Oratorio by Mikis Theodorakis to texts by Pablo Neruda

Canto General is an oratorio for two solo voices, mixed choir and orchestra by Mikis Theodorakis setting texts from Pablo Neruda's cycle of poems Canto General (The Great Song) that covers nature and history of Latin America. The Greek composer and the Chilean poet, who shared political ideas and experiences of persecution, worked together in Paris from 1971 when the composer lived there in exile during the regime of the Greek junta and the poet was ambassador of Chile.

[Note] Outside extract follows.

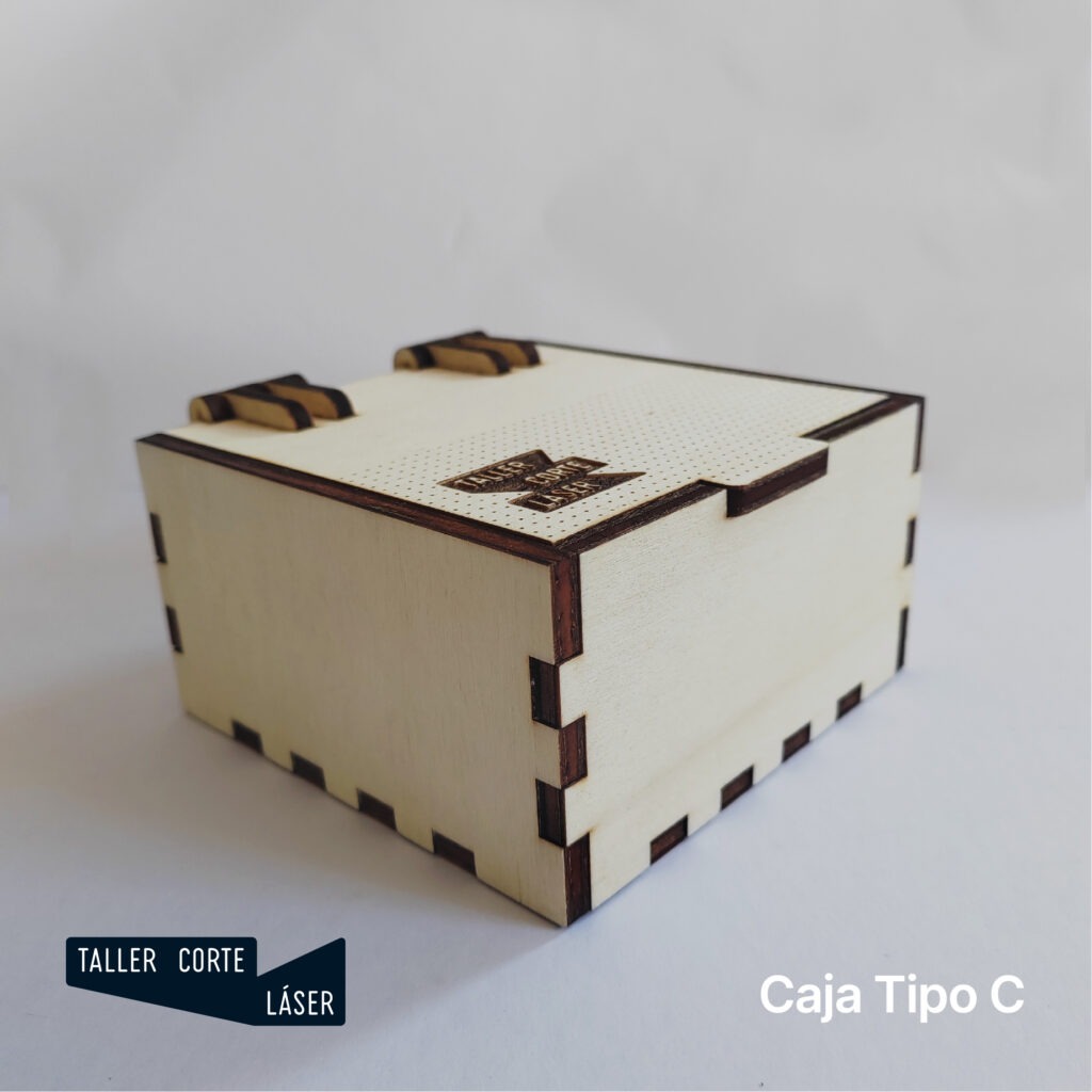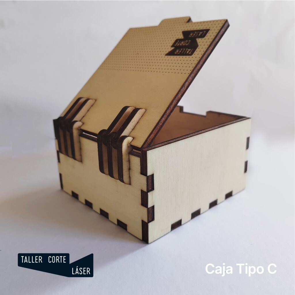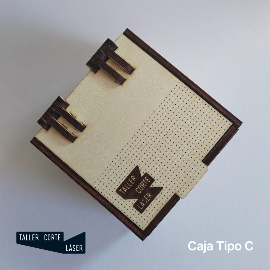 La caja tipo C es una caja de madera con la tapa giratoria mediante unas bisagras más complejas, incluye un grabado de 6 x 6 cm máximo en la tapa.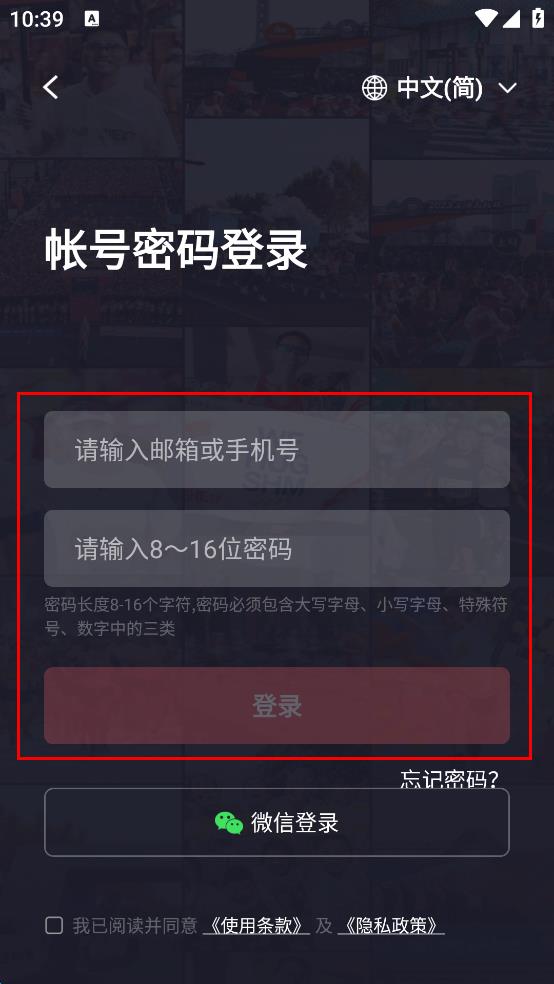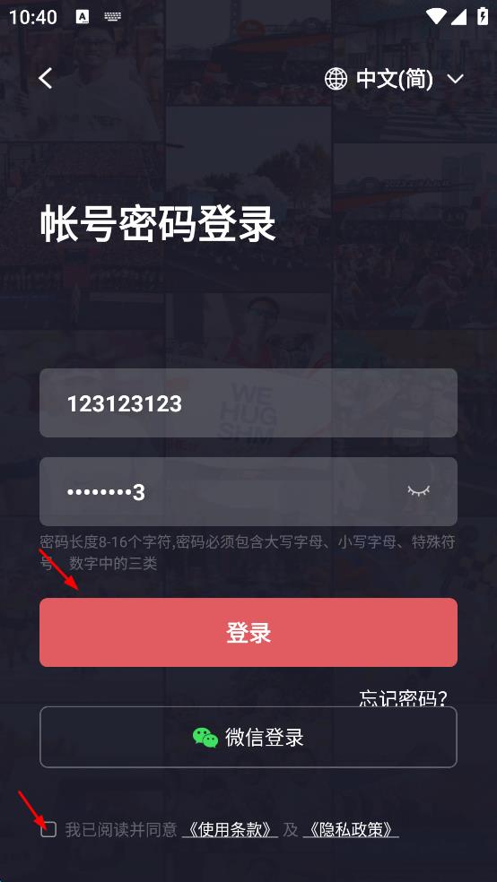 4、勾选我已阅读并同意使用条款及隐私政策前的方框,点击登录按钮,即可完成账号密码登录操作。

The music was developed in three stages: the first version of seven poems was completed and premiered in 1974, the second, with a movement in memory of Neruda added, in 1976, and the final version expanded by five more poems in 1981. The music to the Spanish original text is intentionally accessible and features elements of Greek folk music.

== History ==
=== Neruda and the Canto General ===
Pablo Neruda was persecuted in his homeland Chile under the regime of Gabriel González Videla and had to go into hiding and exile. He wrote Canto General, beginning in the late 1930s, as a collection of more than 200 poems aiming at a reflection of Latin America's nature and history. It was first published in Mexico in 1950.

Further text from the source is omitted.